Первый раз она спросила хоть что-нибудь обо мне, кроме того мимолетного «расскажи мне что-то о себе». Это первый намек, что она хоть немного интересуется мной. И почему от этого во мне загорается слабый огонек надежды? Наверное, потому, что все мои мысли этим утром занимают ее медово-золотистые глаза, всего в каких-то дюймах от моих, и ее теплые, мягкие губы.
— Моя мама бросила нас с отцом в прошлом году, так что ей не с чего волноваться, —
— Майлс, мне очень жаль, — говорит она и кладет свою руку поверх моей. Тепло разливается там, где ее пальцы касаются моей кожи. Я пытаюсь не замечать реакции тела на ее прикосновение, но с каждым разом это становится все труднее.
Джуно смотрит на меня с любопытством, как будто задается вопросом, собираюсь ли я заплакать, но эти реки давно высохли, все что осталось — это борозды, вырезанные в моем сердце. — Что случилось? — спрашивает она, когда видит, что я не собираюсь расклеиваться.
— Она страдает от тяжелой депрессии. В прошлом году после неудачной попытки самоубийства, она заявила, что нам будет лучше без нее. И уехала.
Джуно крепче сжимает мою руку, и, смотря с ужасом в глазах, спрашивает:
— Вы знаете, где она?
— Да, папа выследил ее. Она живет со своей теткой недалеко от Нью-Йорка.
— Майлс. Я даже не знаю, что сказать. — Она выглядит потрясенной. И действительно расстроенной.

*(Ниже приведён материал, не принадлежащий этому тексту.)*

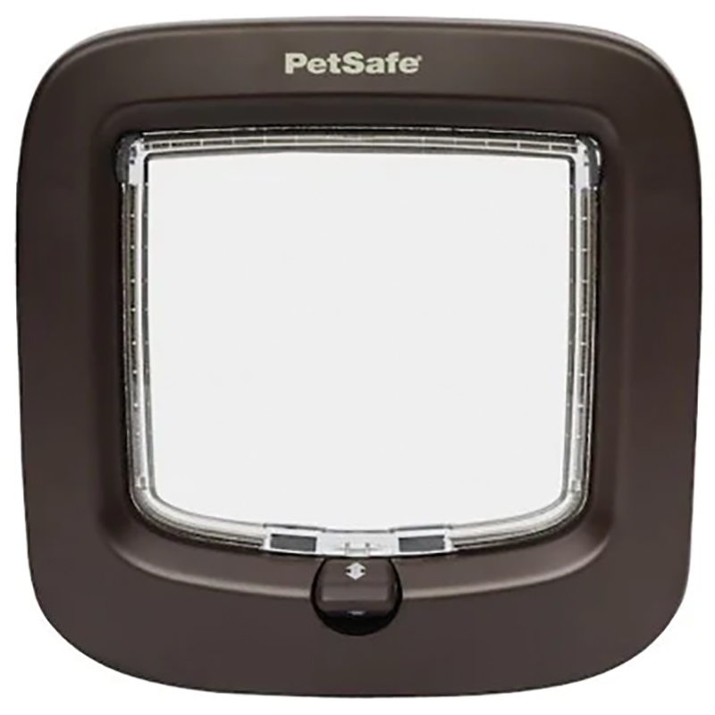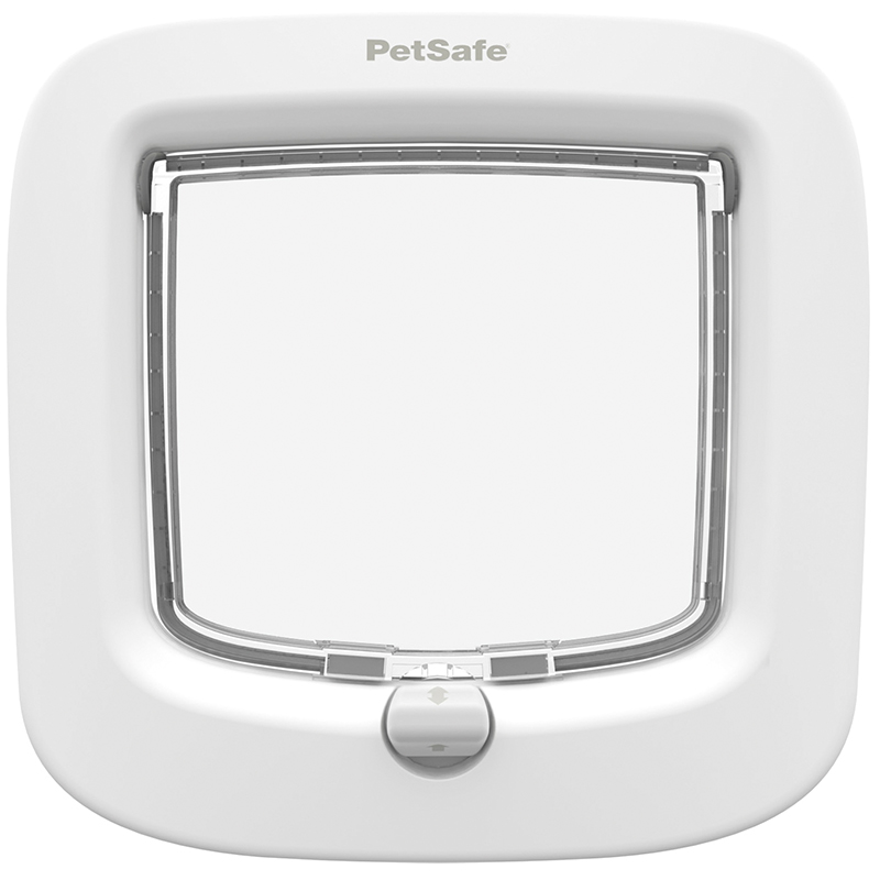 Kunststoff mit transparenter, leicht auswechselbarer Klappe, für alle Türen, Fenster und Wände bis Dicke 51 mm, der manuelle 4-Weg-Verschluss wurde in die Mitte versetzt, dadurch ist die Türe sicherer betreffend Überdrücken von Fremdtieren,

— Да, все в порядке, — говорю я, чувствуя, что это я успокаиваю ее, а не наоборот. — Конечно же, я скучаю по ней, но через некоторое время ты привыкаешь к тому, что человек ушел, — какой же я лжец. Да и Джуно, кажется, не купилась на это.
— Мне даже трудно такое представить. Я никогда не знала никого больного.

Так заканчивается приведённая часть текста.